[Opening DATA section]

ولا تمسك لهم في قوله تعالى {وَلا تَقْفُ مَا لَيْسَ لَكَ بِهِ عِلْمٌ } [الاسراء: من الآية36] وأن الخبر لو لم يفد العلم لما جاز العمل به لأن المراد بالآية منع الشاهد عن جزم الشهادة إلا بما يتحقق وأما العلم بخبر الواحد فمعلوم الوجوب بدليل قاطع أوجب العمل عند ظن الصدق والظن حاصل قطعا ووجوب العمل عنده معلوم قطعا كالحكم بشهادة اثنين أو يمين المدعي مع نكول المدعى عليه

[Closing DATA section]
[Opening DATA section]

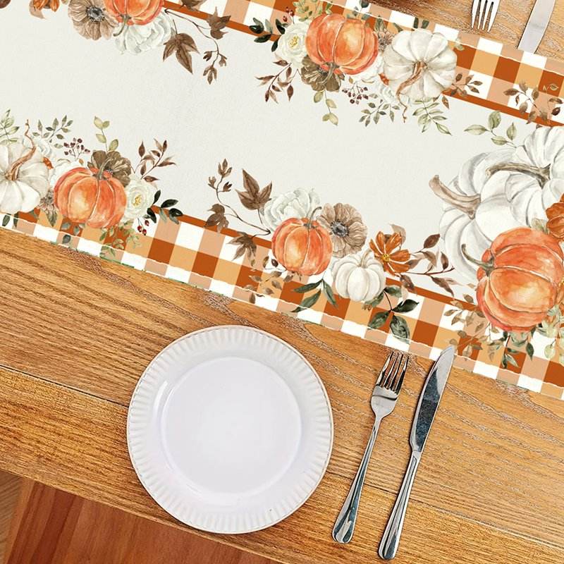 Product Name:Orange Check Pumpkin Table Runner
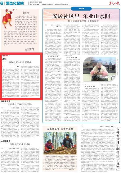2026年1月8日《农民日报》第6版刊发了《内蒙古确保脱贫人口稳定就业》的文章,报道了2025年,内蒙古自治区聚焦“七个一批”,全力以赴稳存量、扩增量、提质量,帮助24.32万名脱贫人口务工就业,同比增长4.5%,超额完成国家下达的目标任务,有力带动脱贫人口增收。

[Closing DATA section]
[Opening DATA section]

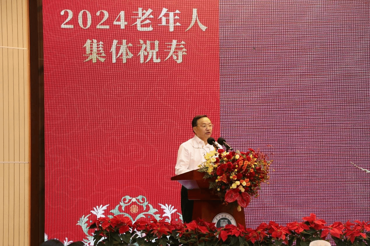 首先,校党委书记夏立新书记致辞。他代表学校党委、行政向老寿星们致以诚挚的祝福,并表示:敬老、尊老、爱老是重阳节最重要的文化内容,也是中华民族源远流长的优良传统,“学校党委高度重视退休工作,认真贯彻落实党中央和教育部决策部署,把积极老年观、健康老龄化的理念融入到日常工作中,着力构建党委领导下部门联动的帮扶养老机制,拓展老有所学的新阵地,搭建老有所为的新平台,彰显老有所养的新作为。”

[Closing DATA section]

* EXERCISE INSTRUCTIONS: Print from the line containing "Product Name:Orange Check" through the line containing "2026年1月8日《农民日报" in the data above, exactly as the lines stand, and omit every picture.

* RESULT OF THIS TASK:
 Product Name:Orange Check Pumpkin Table Runner
2026年1月8日《农民日报》第6版刊发了《内蒙古确保脱贫人口稳定就业》的文章,报道了2025年,内蒙古自治区聚焦“七个一批”,全力以赴稳存量、扩增量、提质量,帮助24.32万名脱贫人口务工就业,同比增长4.5%,超额完成国家下达的目标任务,有力带动脱贫人口增收。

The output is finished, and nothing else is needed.